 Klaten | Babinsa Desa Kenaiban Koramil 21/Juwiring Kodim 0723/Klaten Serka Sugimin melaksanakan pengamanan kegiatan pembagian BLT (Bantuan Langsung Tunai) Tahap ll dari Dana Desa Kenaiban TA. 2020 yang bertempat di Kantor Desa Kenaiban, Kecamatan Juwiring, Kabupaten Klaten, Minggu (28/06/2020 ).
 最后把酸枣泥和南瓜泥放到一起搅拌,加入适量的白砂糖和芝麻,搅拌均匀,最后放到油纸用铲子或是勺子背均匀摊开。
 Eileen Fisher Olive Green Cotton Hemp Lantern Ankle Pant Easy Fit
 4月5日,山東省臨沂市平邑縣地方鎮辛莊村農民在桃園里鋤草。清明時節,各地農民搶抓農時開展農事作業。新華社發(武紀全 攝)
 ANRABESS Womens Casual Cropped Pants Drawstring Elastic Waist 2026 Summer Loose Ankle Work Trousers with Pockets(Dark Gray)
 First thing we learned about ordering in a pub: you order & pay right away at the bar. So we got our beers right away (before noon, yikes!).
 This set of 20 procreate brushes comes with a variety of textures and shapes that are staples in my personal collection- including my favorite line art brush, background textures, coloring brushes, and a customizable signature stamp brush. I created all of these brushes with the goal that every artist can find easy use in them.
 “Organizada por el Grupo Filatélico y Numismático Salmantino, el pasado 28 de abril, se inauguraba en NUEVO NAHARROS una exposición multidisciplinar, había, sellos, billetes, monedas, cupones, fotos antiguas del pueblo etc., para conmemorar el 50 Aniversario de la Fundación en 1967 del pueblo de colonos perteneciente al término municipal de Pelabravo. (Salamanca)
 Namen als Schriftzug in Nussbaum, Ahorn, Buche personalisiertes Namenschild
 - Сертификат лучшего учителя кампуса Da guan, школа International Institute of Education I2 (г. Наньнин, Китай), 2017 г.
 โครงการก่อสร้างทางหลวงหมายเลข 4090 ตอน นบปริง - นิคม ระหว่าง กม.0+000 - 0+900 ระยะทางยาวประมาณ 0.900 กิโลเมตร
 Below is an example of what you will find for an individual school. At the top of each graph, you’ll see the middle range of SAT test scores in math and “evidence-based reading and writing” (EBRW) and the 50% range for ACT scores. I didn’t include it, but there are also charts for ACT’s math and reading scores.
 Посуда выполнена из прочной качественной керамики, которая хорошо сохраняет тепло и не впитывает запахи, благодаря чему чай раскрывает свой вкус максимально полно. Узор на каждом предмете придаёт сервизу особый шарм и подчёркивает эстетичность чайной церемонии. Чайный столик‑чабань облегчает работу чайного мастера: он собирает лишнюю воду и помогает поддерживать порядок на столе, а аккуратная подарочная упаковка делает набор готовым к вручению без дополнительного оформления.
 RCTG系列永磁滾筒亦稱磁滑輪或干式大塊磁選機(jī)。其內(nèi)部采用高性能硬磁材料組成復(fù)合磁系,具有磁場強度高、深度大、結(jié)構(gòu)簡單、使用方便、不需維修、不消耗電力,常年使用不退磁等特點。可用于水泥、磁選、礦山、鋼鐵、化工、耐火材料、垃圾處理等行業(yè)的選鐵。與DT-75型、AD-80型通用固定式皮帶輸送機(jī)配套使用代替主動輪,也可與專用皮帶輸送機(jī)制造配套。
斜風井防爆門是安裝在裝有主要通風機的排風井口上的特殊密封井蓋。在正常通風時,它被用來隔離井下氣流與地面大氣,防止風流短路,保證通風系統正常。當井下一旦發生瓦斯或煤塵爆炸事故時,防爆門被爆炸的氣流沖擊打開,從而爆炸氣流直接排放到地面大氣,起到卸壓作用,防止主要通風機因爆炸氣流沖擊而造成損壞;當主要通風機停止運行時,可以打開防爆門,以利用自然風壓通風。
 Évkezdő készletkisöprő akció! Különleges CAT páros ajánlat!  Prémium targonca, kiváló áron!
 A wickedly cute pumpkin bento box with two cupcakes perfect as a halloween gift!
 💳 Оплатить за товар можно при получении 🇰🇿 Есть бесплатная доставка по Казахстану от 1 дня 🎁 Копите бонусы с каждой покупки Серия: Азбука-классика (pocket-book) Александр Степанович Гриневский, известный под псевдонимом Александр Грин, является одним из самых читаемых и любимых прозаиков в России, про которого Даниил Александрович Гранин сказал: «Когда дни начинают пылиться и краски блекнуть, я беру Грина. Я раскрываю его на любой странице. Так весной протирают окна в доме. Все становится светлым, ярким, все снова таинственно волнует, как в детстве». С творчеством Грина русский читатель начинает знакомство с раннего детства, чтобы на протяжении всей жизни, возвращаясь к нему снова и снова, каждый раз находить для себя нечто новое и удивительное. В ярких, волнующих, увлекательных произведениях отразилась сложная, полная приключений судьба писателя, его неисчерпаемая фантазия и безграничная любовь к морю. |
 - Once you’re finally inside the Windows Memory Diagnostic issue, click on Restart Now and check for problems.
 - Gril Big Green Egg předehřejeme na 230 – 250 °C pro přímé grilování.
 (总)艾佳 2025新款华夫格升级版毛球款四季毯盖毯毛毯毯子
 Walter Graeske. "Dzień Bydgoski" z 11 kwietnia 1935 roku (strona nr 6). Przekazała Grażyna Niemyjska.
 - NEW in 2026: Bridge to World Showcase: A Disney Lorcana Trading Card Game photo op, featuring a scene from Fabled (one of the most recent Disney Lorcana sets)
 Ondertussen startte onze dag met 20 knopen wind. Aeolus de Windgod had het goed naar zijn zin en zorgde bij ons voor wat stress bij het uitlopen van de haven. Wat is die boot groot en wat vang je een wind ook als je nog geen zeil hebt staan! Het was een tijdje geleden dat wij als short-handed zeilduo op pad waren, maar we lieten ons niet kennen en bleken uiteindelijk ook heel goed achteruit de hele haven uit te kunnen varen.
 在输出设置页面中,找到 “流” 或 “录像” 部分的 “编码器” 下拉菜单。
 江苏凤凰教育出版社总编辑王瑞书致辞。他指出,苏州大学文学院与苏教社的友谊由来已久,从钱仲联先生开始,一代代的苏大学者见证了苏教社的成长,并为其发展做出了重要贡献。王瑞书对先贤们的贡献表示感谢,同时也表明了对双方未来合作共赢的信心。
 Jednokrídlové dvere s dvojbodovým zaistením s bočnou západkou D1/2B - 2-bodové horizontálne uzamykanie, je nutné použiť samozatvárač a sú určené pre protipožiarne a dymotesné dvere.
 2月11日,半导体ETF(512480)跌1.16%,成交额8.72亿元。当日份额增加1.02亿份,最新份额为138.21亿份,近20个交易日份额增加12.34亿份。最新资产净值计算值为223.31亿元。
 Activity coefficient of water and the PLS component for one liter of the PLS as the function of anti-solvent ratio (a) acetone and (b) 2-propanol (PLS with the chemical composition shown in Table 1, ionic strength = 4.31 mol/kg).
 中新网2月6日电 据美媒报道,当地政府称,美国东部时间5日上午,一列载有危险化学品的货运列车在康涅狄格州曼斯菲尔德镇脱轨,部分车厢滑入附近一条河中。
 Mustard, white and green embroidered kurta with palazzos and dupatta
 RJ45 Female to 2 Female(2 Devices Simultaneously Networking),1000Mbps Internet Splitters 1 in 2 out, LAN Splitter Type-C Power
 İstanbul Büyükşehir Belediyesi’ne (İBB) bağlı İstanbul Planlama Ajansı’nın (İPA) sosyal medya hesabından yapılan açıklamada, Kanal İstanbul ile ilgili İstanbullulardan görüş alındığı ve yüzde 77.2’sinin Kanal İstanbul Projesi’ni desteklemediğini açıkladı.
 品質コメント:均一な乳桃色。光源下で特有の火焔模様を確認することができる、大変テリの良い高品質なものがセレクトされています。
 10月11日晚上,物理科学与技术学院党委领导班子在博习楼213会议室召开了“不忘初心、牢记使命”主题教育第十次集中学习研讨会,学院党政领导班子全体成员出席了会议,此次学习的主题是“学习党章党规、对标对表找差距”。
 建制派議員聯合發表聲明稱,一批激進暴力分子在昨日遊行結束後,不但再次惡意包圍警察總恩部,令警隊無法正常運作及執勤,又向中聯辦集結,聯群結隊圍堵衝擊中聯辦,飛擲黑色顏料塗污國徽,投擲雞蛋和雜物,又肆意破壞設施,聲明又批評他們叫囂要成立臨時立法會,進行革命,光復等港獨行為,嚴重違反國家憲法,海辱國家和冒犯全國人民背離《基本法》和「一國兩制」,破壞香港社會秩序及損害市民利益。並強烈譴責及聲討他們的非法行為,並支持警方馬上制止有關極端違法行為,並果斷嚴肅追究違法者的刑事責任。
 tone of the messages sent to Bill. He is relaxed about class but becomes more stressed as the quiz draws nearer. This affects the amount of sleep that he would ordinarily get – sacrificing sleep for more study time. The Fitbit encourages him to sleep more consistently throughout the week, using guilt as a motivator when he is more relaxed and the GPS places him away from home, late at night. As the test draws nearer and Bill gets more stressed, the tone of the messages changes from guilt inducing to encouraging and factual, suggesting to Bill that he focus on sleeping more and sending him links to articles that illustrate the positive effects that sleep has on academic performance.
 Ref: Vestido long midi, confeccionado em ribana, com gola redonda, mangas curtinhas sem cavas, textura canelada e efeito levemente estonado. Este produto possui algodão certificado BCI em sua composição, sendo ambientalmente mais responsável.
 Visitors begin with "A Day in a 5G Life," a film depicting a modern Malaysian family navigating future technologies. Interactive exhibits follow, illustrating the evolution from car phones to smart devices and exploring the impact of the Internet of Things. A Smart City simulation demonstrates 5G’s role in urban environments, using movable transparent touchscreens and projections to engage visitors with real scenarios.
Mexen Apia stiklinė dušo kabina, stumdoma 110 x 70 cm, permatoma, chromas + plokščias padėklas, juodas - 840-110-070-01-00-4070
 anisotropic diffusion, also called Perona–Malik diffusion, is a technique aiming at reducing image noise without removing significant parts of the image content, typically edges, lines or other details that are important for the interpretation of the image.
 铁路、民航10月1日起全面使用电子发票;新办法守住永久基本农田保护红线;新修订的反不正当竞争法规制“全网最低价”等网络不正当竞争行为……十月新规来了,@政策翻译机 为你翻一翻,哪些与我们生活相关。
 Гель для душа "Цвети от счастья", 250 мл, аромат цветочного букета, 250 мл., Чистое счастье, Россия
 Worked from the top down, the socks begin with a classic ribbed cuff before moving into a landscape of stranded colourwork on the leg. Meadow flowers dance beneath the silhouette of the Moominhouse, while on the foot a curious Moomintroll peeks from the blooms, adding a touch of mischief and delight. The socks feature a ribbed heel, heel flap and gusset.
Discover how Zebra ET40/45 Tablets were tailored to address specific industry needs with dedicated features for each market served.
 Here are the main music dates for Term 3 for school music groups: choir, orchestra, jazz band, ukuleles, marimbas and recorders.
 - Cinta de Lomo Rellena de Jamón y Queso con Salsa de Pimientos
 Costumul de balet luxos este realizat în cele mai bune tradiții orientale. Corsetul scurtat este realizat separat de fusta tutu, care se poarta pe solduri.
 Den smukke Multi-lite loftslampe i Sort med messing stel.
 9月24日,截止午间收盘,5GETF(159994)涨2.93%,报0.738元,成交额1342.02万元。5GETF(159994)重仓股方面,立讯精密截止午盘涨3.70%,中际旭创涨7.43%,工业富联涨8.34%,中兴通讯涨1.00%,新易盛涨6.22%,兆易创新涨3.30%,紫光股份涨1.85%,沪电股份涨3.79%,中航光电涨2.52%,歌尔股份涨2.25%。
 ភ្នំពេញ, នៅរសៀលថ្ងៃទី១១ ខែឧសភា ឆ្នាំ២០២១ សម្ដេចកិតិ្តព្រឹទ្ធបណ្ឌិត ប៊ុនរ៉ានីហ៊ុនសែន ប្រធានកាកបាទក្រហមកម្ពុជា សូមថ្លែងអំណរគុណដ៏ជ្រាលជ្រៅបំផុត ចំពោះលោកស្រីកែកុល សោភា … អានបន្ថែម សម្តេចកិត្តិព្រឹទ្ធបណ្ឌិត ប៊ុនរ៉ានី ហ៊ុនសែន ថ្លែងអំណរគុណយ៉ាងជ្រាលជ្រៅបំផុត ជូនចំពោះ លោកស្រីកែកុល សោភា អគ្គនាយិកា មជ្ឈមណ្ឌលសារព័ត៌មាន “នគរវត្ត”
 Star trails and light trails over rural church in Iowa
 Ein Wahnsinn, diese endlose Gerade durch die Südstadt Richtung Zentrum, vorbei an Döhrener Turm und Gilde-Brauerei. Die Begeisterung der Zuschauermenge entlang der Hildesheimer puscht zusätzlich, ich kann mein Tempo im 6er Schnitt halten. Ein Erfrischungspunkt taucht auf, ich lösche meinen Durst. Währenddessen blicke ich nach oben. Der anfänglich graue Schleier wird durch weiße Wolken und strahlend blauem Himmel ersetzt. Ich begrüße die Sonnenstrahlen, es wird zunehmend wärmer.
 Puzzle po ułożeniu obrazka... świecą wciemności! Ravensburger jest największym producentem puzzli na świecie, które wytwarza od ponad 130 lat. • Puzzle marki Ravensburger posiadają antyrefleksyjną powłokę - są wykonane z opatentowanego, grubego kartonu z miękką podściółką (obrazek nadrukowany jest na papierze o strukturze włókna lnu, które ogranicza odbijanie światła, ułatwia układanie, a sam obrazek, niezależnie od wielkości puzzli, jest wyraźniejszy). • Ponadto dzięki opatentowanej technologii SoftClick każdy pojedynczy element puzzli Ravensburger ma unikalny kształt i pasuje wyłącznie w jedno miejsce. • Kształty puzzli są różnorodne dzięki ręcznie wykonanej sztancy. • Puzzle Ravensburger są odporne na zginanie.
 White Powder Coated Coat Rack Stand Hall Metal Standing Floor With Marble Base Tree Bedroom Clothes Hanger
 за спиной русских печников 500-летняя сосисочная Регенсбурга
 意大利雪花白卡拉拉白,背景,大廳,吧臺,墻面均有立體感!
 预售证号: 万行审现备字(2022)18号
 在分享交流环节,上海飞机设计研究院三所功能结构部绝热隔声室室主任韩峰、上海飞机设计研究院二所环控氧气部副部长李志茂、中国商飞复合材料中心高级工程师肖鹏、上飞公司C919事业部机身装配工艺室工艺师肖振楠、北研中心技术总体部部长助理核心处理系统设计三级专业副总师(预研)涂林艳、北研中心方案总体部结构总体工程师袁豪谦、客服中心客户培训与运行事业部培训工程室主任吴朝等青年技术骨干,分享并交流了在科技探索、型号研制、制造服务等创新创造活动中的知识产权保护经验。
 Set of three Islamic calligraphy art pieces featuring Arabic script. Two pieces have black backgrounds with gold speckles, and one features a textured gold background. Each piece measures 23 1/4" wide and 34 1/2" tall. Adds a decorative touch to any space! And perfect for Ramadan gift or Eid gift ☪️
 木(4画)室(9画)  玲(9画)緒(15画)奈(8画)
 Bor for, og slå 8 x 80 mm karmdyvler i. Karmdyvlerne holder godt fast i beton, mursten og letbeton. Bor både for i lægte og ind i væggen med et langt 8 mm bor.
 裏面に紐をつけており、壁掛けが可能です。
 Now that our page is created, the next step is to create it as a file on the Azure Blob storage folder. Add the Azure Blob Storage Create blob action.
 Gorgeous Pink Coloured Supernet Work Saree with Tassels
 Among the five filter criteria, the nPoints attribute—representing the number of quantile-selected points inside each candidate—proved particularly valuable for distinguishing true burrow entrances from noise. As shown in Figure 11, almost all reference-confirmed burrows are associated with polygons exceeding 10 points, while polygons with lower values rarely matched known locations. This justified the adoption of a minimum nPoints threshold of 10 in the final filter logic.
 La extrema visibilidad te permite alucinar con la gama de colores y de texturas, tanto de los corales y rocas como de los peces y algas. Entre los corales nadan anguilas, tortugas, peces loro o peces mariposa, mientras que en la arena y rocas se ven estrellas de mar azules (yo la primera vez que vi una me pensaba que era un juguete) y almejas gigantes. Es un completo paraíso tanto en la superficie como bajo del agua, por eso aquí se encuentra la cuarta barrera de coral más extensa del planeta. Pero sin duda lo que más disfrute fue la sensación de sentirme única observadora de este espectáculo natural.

______

* [Exercise requirements]: Retype exactly the lines of the data above that fall between the line with "裏面に紐をつけており、壁掛けが可能です。" and the line with "Among the five", inclusive, and add nothing.

* [Expected answer]:
 裏面に紐をつけており、壁掛けが可能です。
 Now that our page is created, the next step is to create it as a file on the Azure Blob storage folder. Add the Azure Blob Storage Create blob action.
 Gorgeous Pink Coloured Supernet Work Saree with Tassels
 Among the five filter criteria, the nPoints attribute—representing the number of quantile-selected points inside each candidate—proved particularly valuable for distinguishing true burrow entrances from noise. As shown in Figure 11, almost all reference-confirmed burrows are associated with polygons exceeding 10 points, while polygons with lower values rarely matched known locations. This justified the adoption of a minimum nPoints threshold of 10 in the final filter logic.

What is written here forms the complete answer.